Transitive Dependency Resolution
The algorithmic process of resolving a package's indirect dependencies—the dependencies of your dependencies. A dependency graph makes these hidden relationships explicit, revealing vulnerabilities buried deep in the tree.
- A single direct dependency can pull in hundreds of transitive packages
- Version conflict resolution uses strategies like semantic versioning and lock files
- Attackers target transitive dependencies because they are rarely audited directly
Dependency Confusion
A supply chain attack vector exploiting the resolution algorithm of dependency graphs. An attacker uploads a malicious package with a higher version number to a public registry, tricking the build system into downloading it instead of the intended private dependency.
- Also known as a namespace confusion or substitution attack
- Mitigated by scoped registries and explicit source declaration
- Discovered by security researcher Alex Birsan in 2021, affecting Apple, Microsoft, and Tesla
Software Composition Analysis (SCA)
An automated process that scans a codebase to identify and catalog all open-source components, mapping them into a dependency graph for vulnerability and license risk assessment.
- Cross-references component versions against databases like NVD and GitHub Advisory Database
- Detects outdated libraries and copyleft license conflicts
- Integrates directly into CI/CD pipelines for continuous monitoring
Dependency Pinning & Lock Files
The practice of locking every dependency in the graph to an exact, immutable version or cryptographic hash. Lock files like package-lock.json or Cargo.lock freeze the entire resolved graph to guarantee reproducible builds.

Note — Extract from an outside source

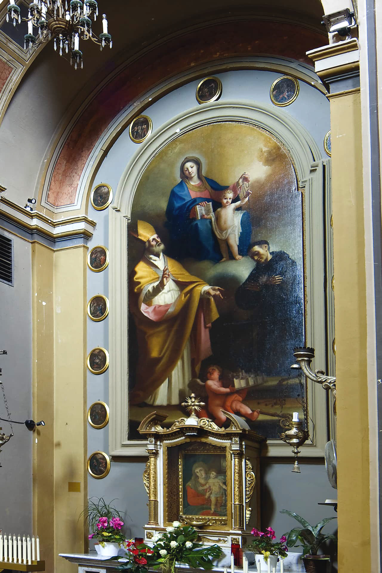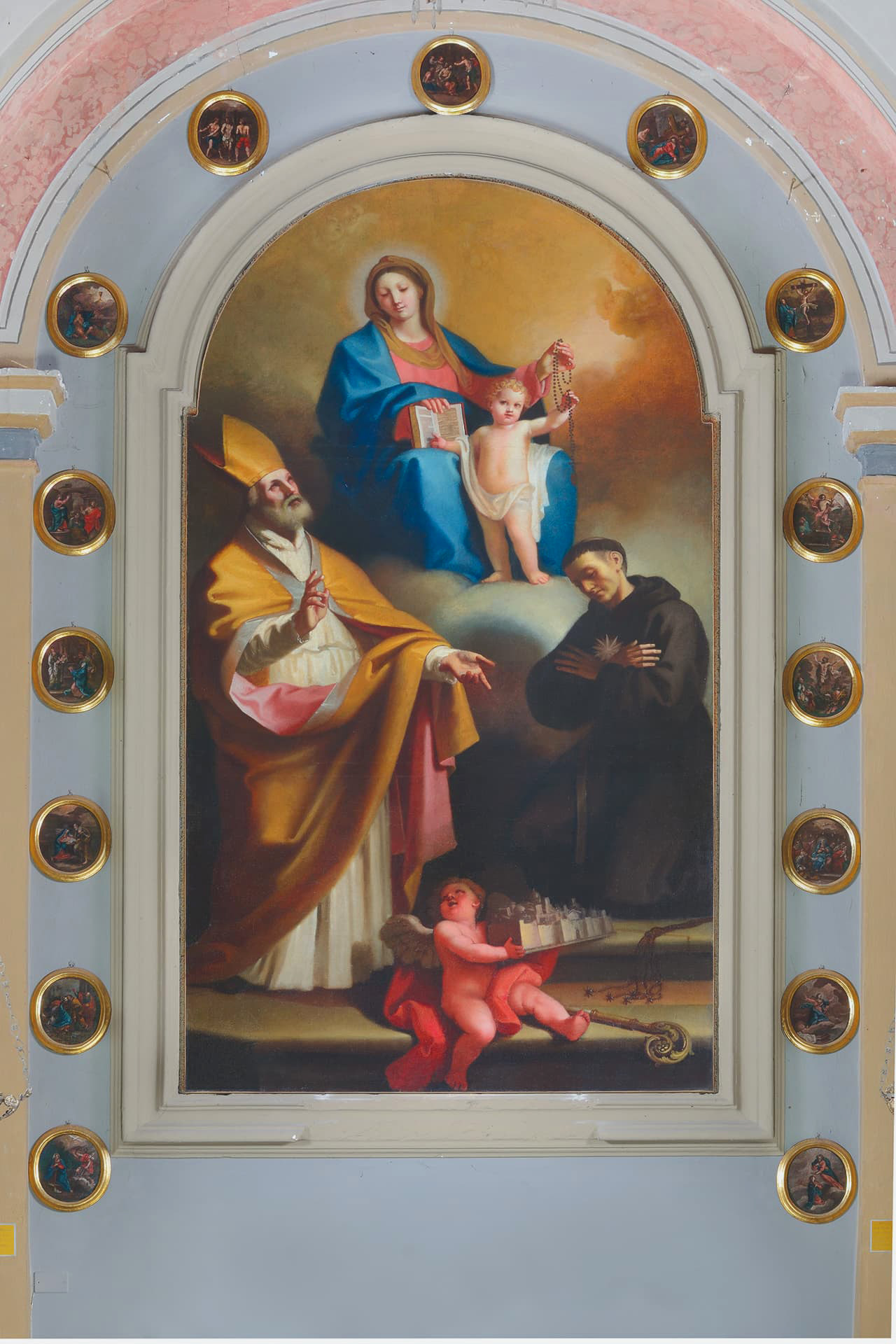 Un altro elemento di rilievo artistico è la tela della Madonna del Rosario, situata nella cappella laterale di destra. Nella parte superiore è rappresentata la Beata Vergine del Rosario, mentre nella parte inferiore, a sinistra, si trova Sant’Ubaldo Vescovo, che implora benedizione per il borgo di Gubbio, e a destra, San Nicola da Tolentino in ginocchio. Attorno alla tela sono disposti quindici medaglioni che rappresentano i Misteri del Rosario, scene bibliche che raccontano la storia della salvezza con colori delicati e armoniosi. Lo stile richiama l’influenza del pittore Domenico Corvi o di uno dei suoi allievi più esperti.

- Prevents supply chain drift where upstream changes break builds
- Essential for deterministic CI/CD pipelines and auditability
- Must be regularly updated to incorporate security patches without introducing unexpected mutations

About the author
Prasad Kumkar
CEO & MD, Inference Systems
Prasad Kumkar is the CEO & MD of Inference Systems and writes about AI systems architecture, LLM infrastructure, model serving, evaluation, and production deployment. Over 5+ years, he has worked across computer vision models, L5 autonomous vehicle systems, and LLM research, with a focus on taking complex AI ideas into real-world engineering systems.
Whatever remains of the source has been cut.